_Your task_: Could the lines from the line bearing "Деревянная межэтажная лестница" to the end of the records below be copied exactly, with the pictures left out and no other lines added?

Extracted data Block Start

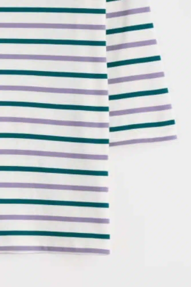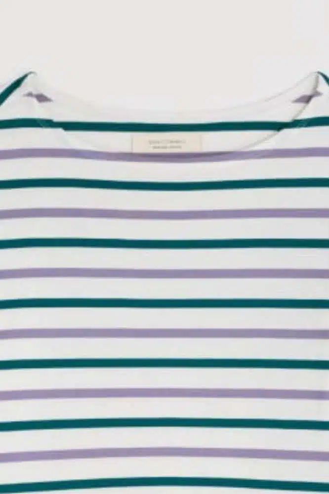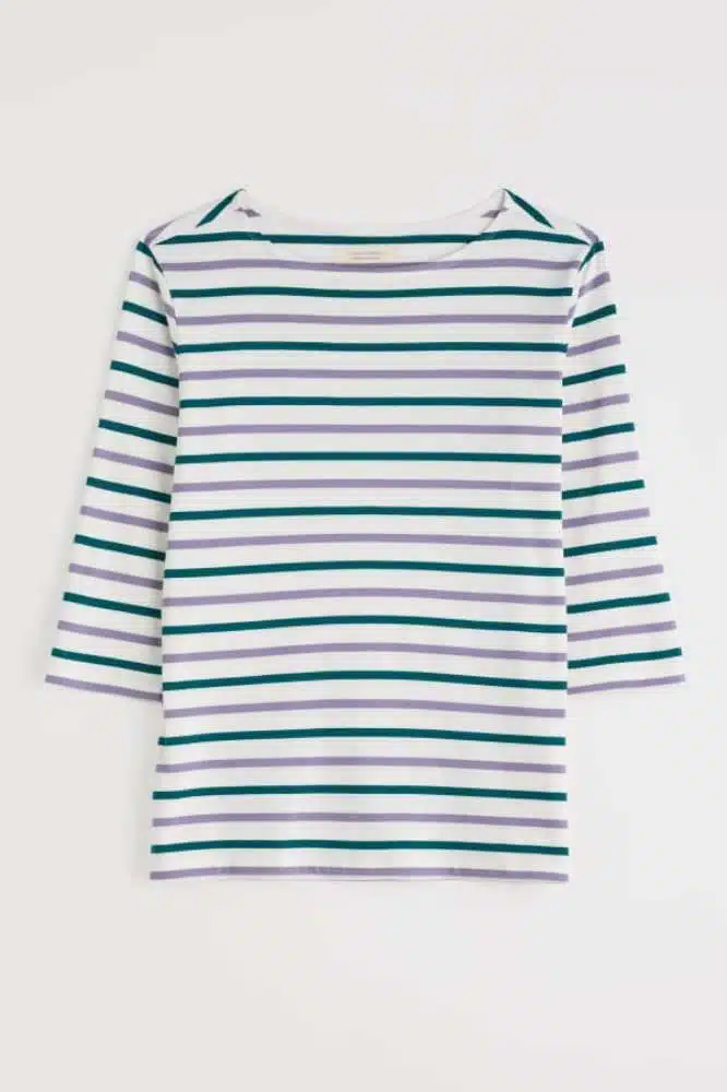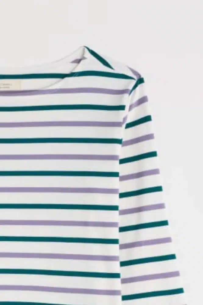 De Sailor Top Duet Breton Echium is een tijdloze klassieker die moeiteloos stijl en comfort combineert. Deze 3/4 mouwversie van de iconische Bretonse streep is gemaakt van 100% biologisch katoen, wat zorgt voor een heerlijk zachte en ademende stof. De elegante boot hals en relaxte pasvorm geven de top een moeiteloos chique uitstraling, terwijl de garen-geverfde strepen levendig blijven, zelfs na veelvuldig wassen.
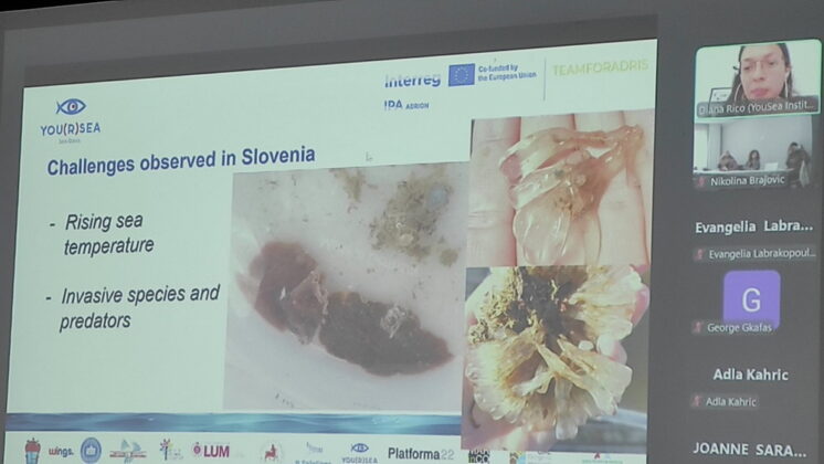 Tokom video prezentacije Kreršimira Kovača iz Šibenika, projektnog partnera iz firme”Platforma 22” , voditelja Haba za digitalne inovacije “Agrifood Croatia” i uzgajivača mušalja i ostriga ostvarena je lijepa interakcija sa Snežanom Hudiček, crnogorskom predstavnicom uzgajivača iz firme “Boka Sea Food”. Razmjenili su iskustava u vezi korišćenja plastičnih mreža, zaštite od predatora (orada) i drugih važnih detalja za uzgoj školjki.
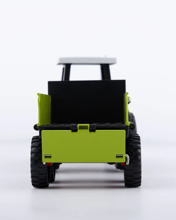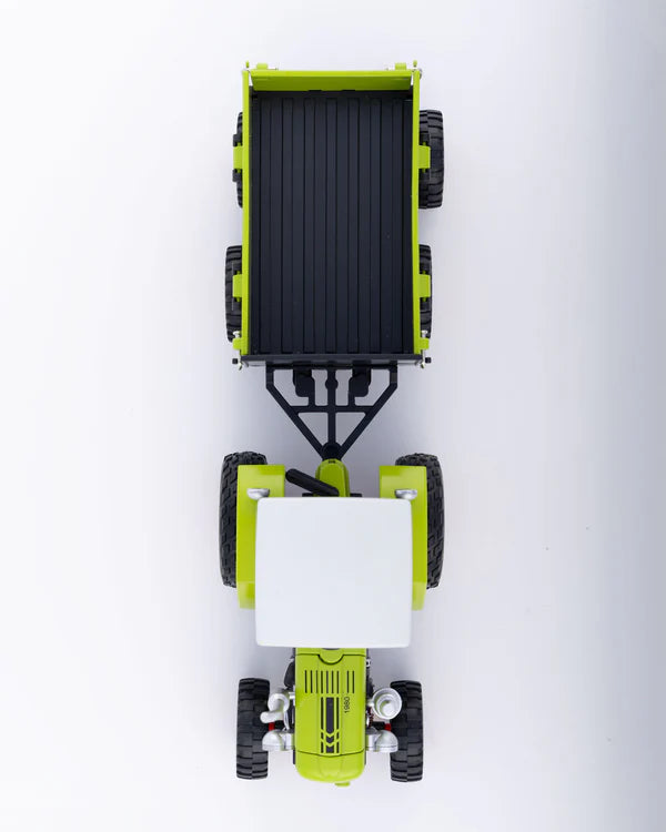 Design Highlights: Realistic exhaust pipe, engine detailing, and cabin structure, Detachable farm trailer with functional rear gate, Sturdy red wheels with deep-tread rubber tires for a realistic look
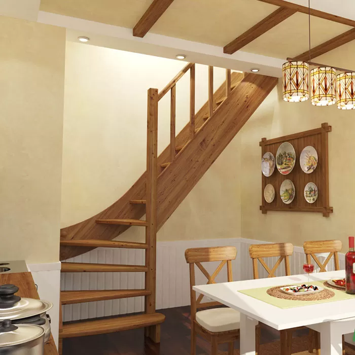 Деревянная межэтажная лестница ЛЕС-07 2470-2675 проем 2360-830, Лиственница
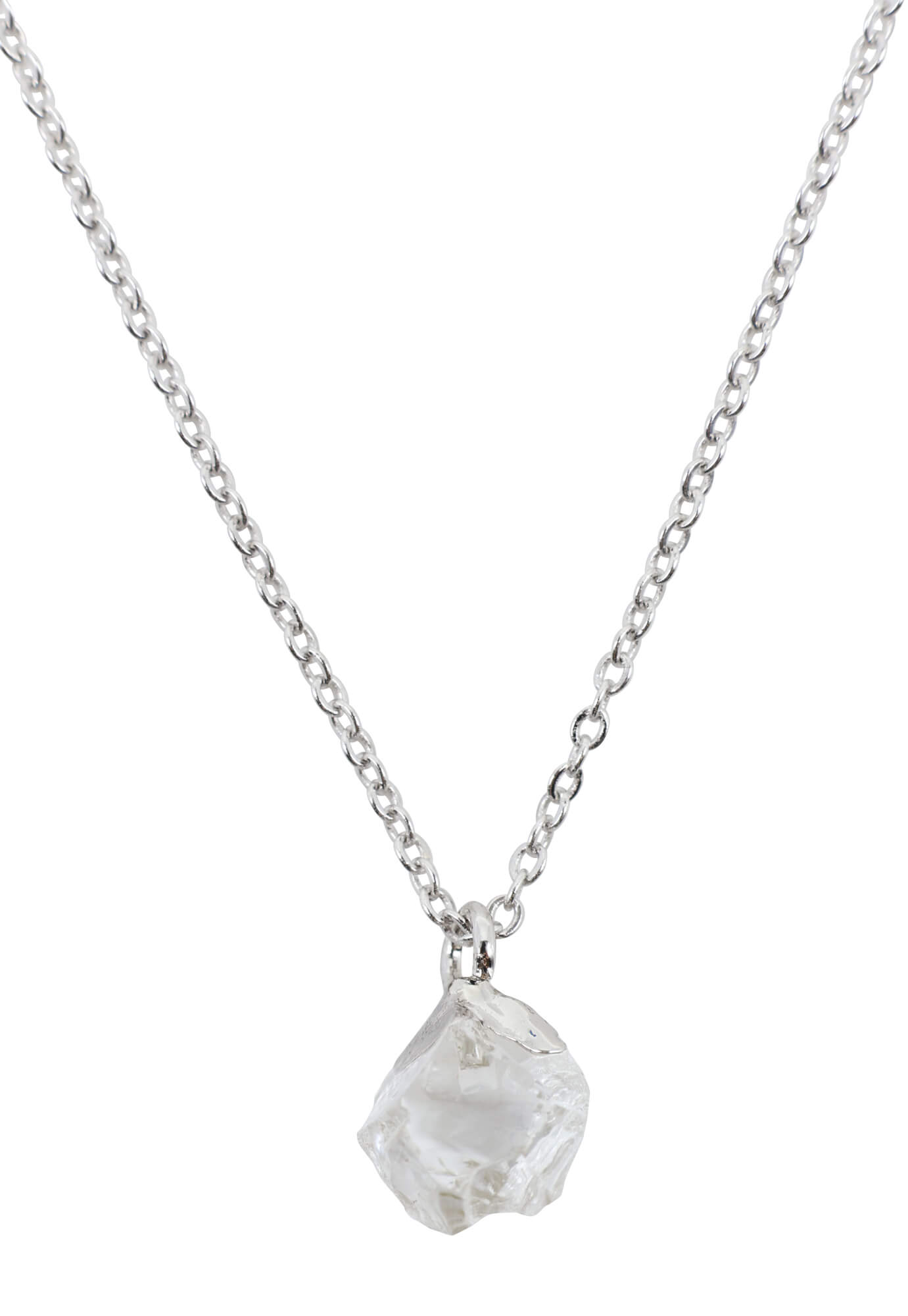 Collana in argento Sterling 925 placcata in platino, con incastonata una pietra grezza di qualità extra.

Extracted data Block End

_Task solution_:
 Деревянная межэтажная лестница ЛЕС-07 2470-2675 проем 2360-830, Лиственница
 Collana in argento Sterling 925 placcata in platino, con incastonata una pietra grezza di qualità extra.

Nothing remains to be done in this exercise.